The Coldest Warrior, by Paul Vidich

the coldest warrior

A carefully constructed story that offers a fresh take on the lives of spies, a bit reminiscent of le Carre’s, The Spy Who Came In From The Cold.

One wants to believe that an espionage agent has a conscience, because it is well known that spy agencies do bad things, acts that are morally inconsistent with Western values. And that is exactly what The Coldest Warrior is about, a man, Jack Gabriel, who cannot retire without first uncovering the malfeasance of his employer, the CIA, two decades before, killing one of their own, Charles Wilson, who had developed a conscience while deploying germ warfare in North Korea. And so conscience abounds in the novel, or the lack of it. Murder is permitted in the CIA’s situational ethics if it is necessary to protect the agency, and the book’s plot is full of murders. Of course, one murderer finally gets his due at the end, but the agency’s secrets remain secret. They always do, which is why the agency has not been “defunded.” And there is the conundrum. Is the agency’s purpose so necessary to our national security that its inevitable associated misconduct should be kept out of sight? The reader must answer that question, although the outcome of Vidich’s story nudges one to a positive response.

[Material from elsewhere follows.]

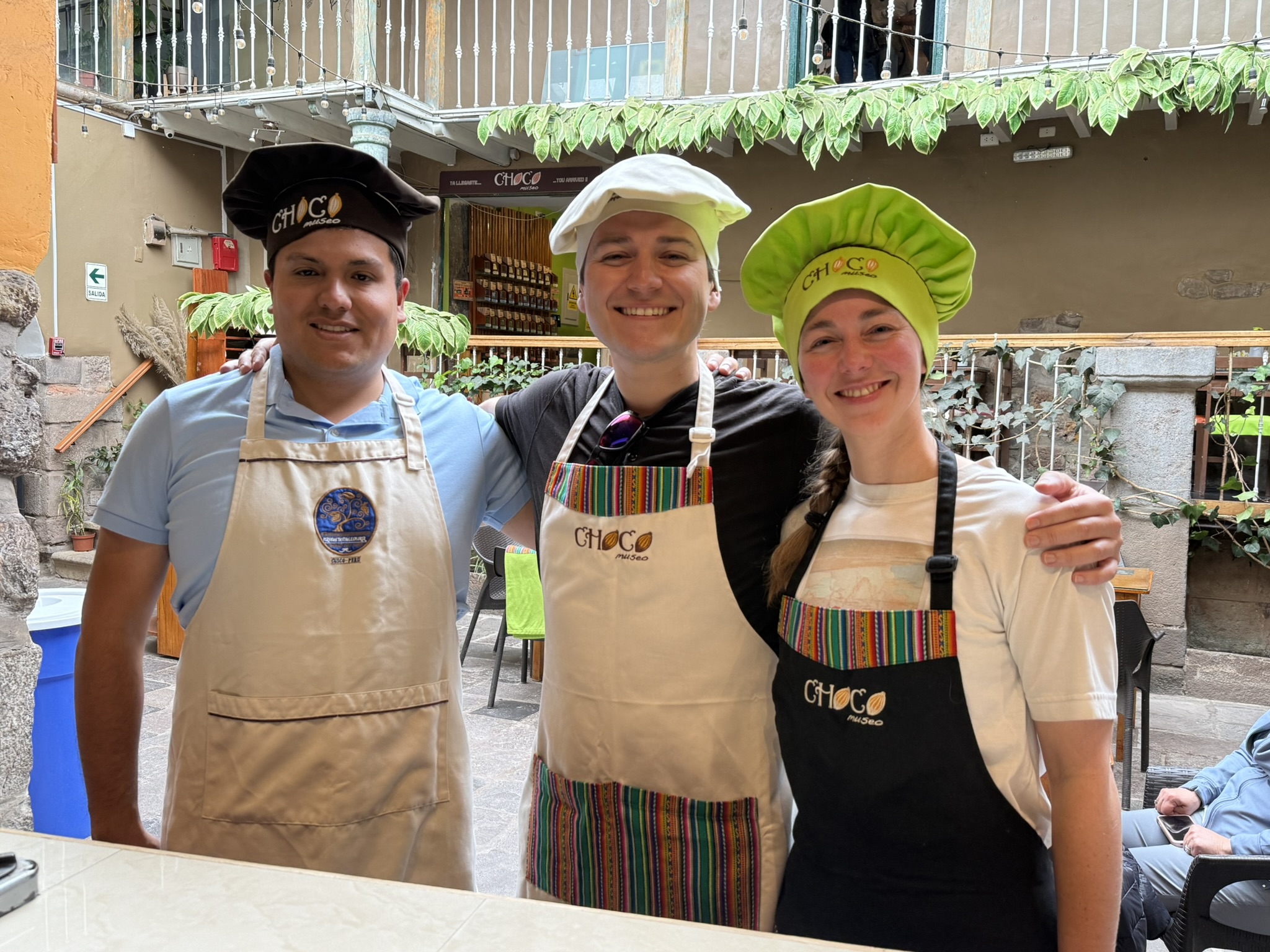 Machu Picchu commercialization aside, the rest of our time in Cusco was a blast – the food scene is again fantastic, so we had a chance to sample a few traditional Cusquean dishes, including what was essentially a barbeque restaurant – this lunch also had a great show with traditional Peruvian dances in between bites of food! One unique thing we were also able to do here was chocolate making – not necessarily the full bean to bar process, but enough of it that we came away with some dorky pics and a higher level of appreciation for the subtleties of chocolate that isn’t doused in sugar. We also sampled some tea made from the cacao bean shell immediately post-roasting, and made some very fresh hot chocolate with beans we roasted and mashed ourselves. Overall the chocolate making class at the ChocoMuseo was a blast and I would highly recommend this to anyone in Cusco!

The protagonist of Vidich’s earlier novels, George Mueller, was a complex character, struggling with moral uncertainty and psychological perils that one finds in Graham Greene’s characters. Jack Gabriel unfortunately isn’t as fine a character as Mueller. On occasion his internal observations are stiff, almost formulaic. His relationship with his daughter and his wife demonstrate that he is a thoughtful man, but one doesn’t see much below the superficial. Jack Gabriel’s thoughts and actions are all there, and the reader is pointed in his character’s direction, but much of the color is not filled in. Wilson’s murder is presented to the reader in the first pages. No mystery there. Then, the plot has wonderful twists and turns, and the unravelling of the motives and justifications for the murder is expertly presented. One cannot really guess what is going to happen before it does, and the final action in the story is thrilling to read. This is the stuff of a literary spy novel, not a commercialized who dunnit good-guy-prevails story.